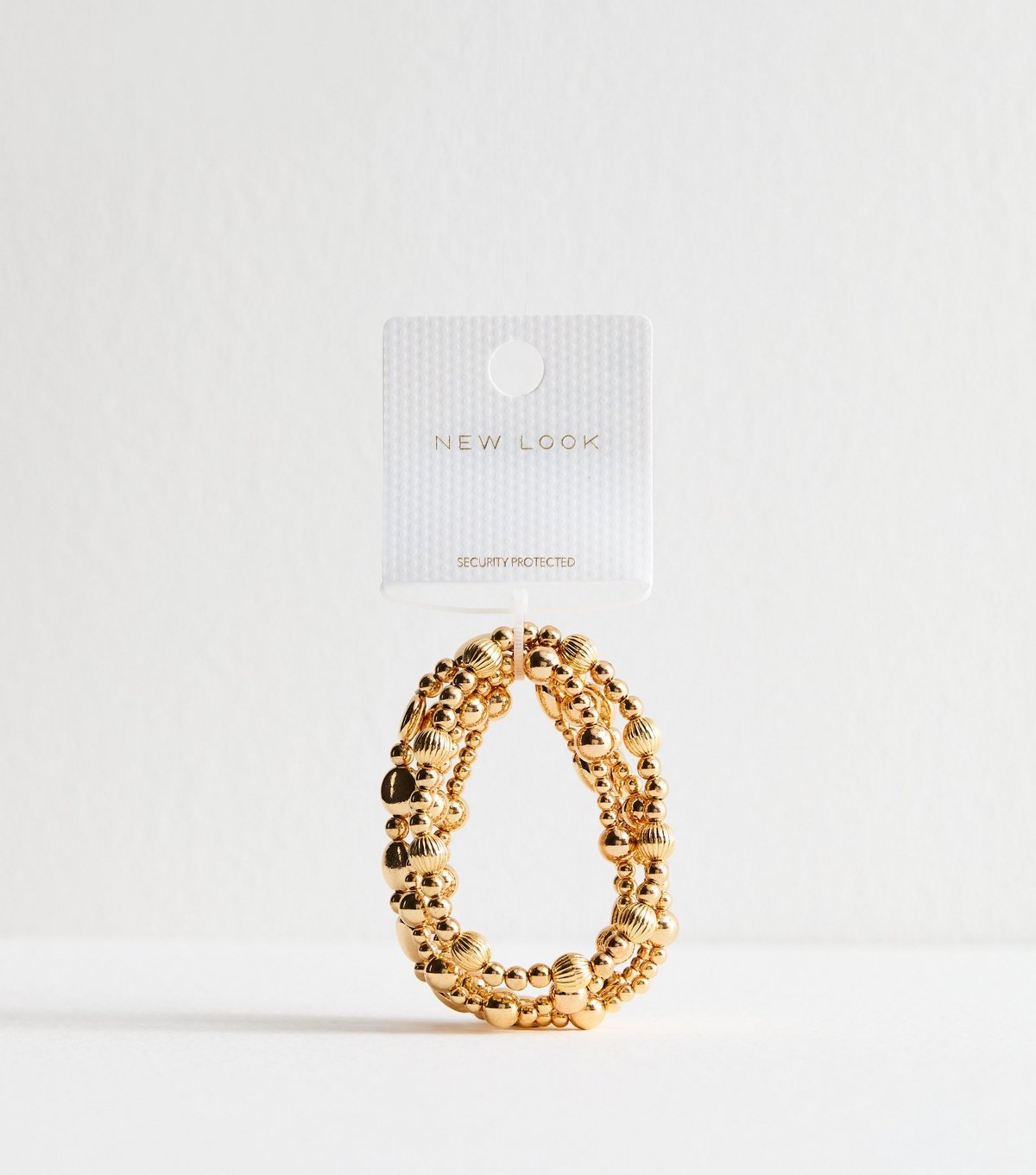 Elegant gold-tone beaded bracelets in a pack of five. Perfect for adding a touch of sparkle to any outfit. Each bracelet features a mix of sizes and bead designs.
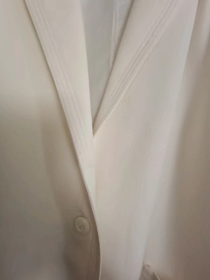 Très belle veste t.50. Coloris : blanc cassé. Avec des passants mais sans ceinture. Tissu de bonne qualité. Avec épaulettes. Doublée. Avec un bouton de rechange. Très bon état. Style 80s 90s D'autres belles tenues dans mon dressing : https://www.vinted.be/member/23077156-eleanoraur Réduction sur les lots. Envoi rapide, format petit colis.
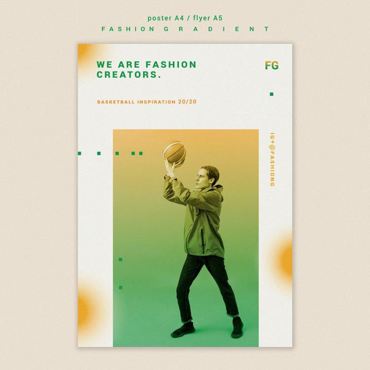 极简风时尚黄绿色渐变个性排版宣传海报PSD模板素材 Fash
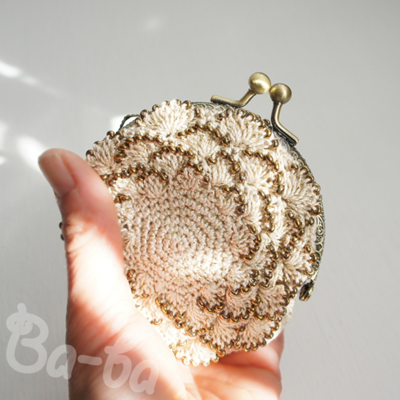 ばあば作、ビーズ入り松編み・まるまるがま口(アンティークゴールド・C1414)

THE PROBLEM
Go through the material and set it down again exactly, but without any pictures.

RESULT OF THE TASK
 Elegant gold-tone beaded bracelets in a pack of five. Perfect for adding a touch of sparkle to any outfit. Each bracelet features a mix of sizes and bead designs.
 Très belle veste t.50. Coloris : blanc cassé. Avec des passants mais sans ceinture. Tissu de bonne qualité. Avec épaulettes. Doublée. Avec un bouton de rechange. Très bon état. Style 80s 90s D'autres belles tenues dans mon dressing : https://www.vinted.be/member/23077156-eleanoraur Réduction sur les lots. Envoi rapide, format petit colis.
 极简风时尚黄绿色渐变个性排版宣传海报PSD模板素材 Fash
 ばあば作、ビーズ入り松編み・まるまるがま口(アンティークゴールド・C1414)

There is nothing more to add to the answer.